如何在C中初始化指向结构的指针? [英] How to initialize a pointer to a struct in C?
问题描述
给定这个结构:
struct PipeShm
{
int init;
int flag;
sem_t *mutex;
char * ptr1;
char * ptr2;
int status1;
int status2;
int semaphoreFlag;
};
效果很好:
static struct PipeShm myPipe = { .init = 0 , .flag = FALSE , .mutex = NULL ,
.ptr1 = NULL , .ptr2 = NULL , .status1 = -10 , .status2 = -10 ,
.semaphoreFlag = FALSE };
但是当我声明 static struct PipeShm * myPipe
时,这不起作用,我假设我需要使用运算符进行初始化 ->
,但如何?
But when I declare static struct PipeShm * myPipe
, that doesn't work , I'm assuming that I'd need to initialize with the operator ->
, but how?
static struct PipeShm * myPipe = {.init = 0 , .flag = FALSE , .mutex = NULL ,
.ptr1 = NULL , .ptr2 = NULL , .status1 = -10 , .status2 = -10 ,
.semaphoreFlag = FALSE };
是否可以声明一个指向结构的指针并对其进行初始化?
Is it possible to declare a pointer to a struct and use initialization with it?
推荐答案
你可以这样做:
static struct PipeShm * myPipe = &(struct PipeShm) {
.init = 0,
/* ... */
};
这个特性被称为复合文字",它应该对你有用,因为你已经在使用 C99 指定的初始值设定项.

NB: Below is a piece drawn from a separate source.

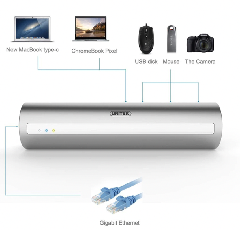 Thêm vào đó, Bộ chia USB Type-C ra 3 cổng USB 3.0 Unitek Y-3095 và 1 cổng Lan Gigabit được trang bị thêm một bộ chuyển đổi Gigabit Ethernet, đây là giải pháp tốt nhất cho những dòng máy tính xách tay / Ultrabook mà không có cổng Ethernet (RJ45). Hỗ trợ mạng IPv4 / IPv6, tiết kiệm điện năng và hỗ trợ Wake-On-LAN.
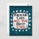 "Secourez les chats sont les meilleurs chats" est un design de texte mignon en turquoise avec du texte en noir et rouge, avec une forme d'accent blanc et des points blancs texturés blancs qui l'entourent.

This feature is called a "compound literal" and it should work for you since you're already using C99 designated initializers.
关于复合字面量的存储:
Regarding the storage of compound literals:
6.5.2.5-5
如果复合字面量出现在函数体之外,则对象具有静态存储期限;否则,它有自动与封闭块相关的存储持续时间.
If the compound literal occurs outside the body of a function, the object has static storage duration; otherwise, it has automatic storage duration associated with the enclosing block.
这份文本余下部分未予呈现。